Eleanor looked at her brother. Was this about Thomas returning her to London or his concern that she not face Blackwood? Brice was looking at her as if asking what she wanted to do. “What can he do to me in London?” she asked, finding it ironic that she was asking a Highlander this question.

“He’ll protect himself any way he can. You said he forged the papers naming Charles a traitor; he can do the same with anything else, more than likely.”

Eleanor leaned her head against the chair and stared at the ceiling. “So what if he does? Will that affect me?”

“You’ll accuse him, people won’t believe you. That’s all,” Campbell said.

She looked at Campbell and found she trusted him. He had nothing to gain or lose in any of this. He was simply giving her his opinion as he saw it.

“Why do you care?” she asked.

Those lips curled again. “I don’t care, my lady. If you want me to take you to London, I will. There will be a price, though.”

Thomas shifted forward and Brice’s gaze sharpened.

Campbell looked at Brice, then Thomas. “Nothing comes for free, and I don’t offer my services for nothing.”

“This is preposterous.” Thomas shoved himself off his chair and paced away.

“What do ye want?” Brice asked.

Campbell appeared to think, but his shrewd eyes told Eleanor that he already knew what he wanted.

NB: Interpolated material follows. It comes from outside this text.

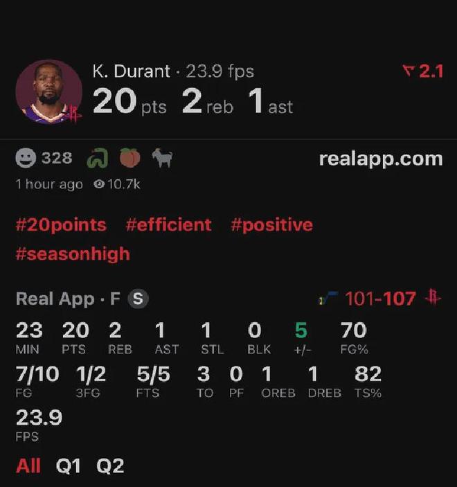 老夫聊发少年狂,与申京配合完成双手暴扣。无解单打高难度跳投命中。怒喷爵士5号秀埃斯-贝利。熟悉的感觉,熟悉的杜兰特。死神完成了身披火箭战袍的首秀,首发出战约23分钟,投篮10

“My parents will pay you,” Eleanor said.

“Nay,” Brice said. “I asked for his services, I will pay.”

Eleanor pressed her lips together. She understood that she had pricked his pride, but hers was already precarious. She’d taken so much from him that she didn’t want to take any more.

Thomas paced back to her chair. “Eleanor, we are returning to London.”

She looked at Thomas, then at Brice, whose gaze was steady on her, and at Campbell, who was taking in the scene with an air of amusement that didn’t touch his eyes.

“What is your price?” she asked Campbell, uncomfortable with his silence.

“A favor.”

All three stared at him, more than interested. What favor could Campbell want from Brice?

Brice raised a brow. “What favor?”

“A favor to be given to me at a later time.” Campbell was completely still, like a coiled snake ready to strike. He watched Brice shrewdly.

Brice seemed to contemplate Campbell’s odd request, his eyes narrowed.

“No,” Eleanor said. “I’ll not have you make a promise and not know what you’re promising.”

Brice held up his hand to quiet her. The two stared at each other as if in some sort of contest to see who would blink first. It was rather ridiculous, to Eleanor’s mind. She didn’t want Brice to agree to something that could cause him problems in the future. They had no idea what Campbell would ask for.

“Aye,” Brice finally said. “That’s fine.”

Eleanor drew in a breath. Campbell smiled as much of a smile as he’d shown, and Thomas seemed to sag in relief.

“That’s settled, then,” Thomas said. “We’ll leave for Campbell’s lands as soon as possible and then to London.”

“I want to defeat Blackwood,” Eleanor said, apparently stunning them, for all three men looked at her in surprise. “I want him ruined, and I want Charles’s name cleared. I want his parents to know that their son died honorably, and I want their shame erased.”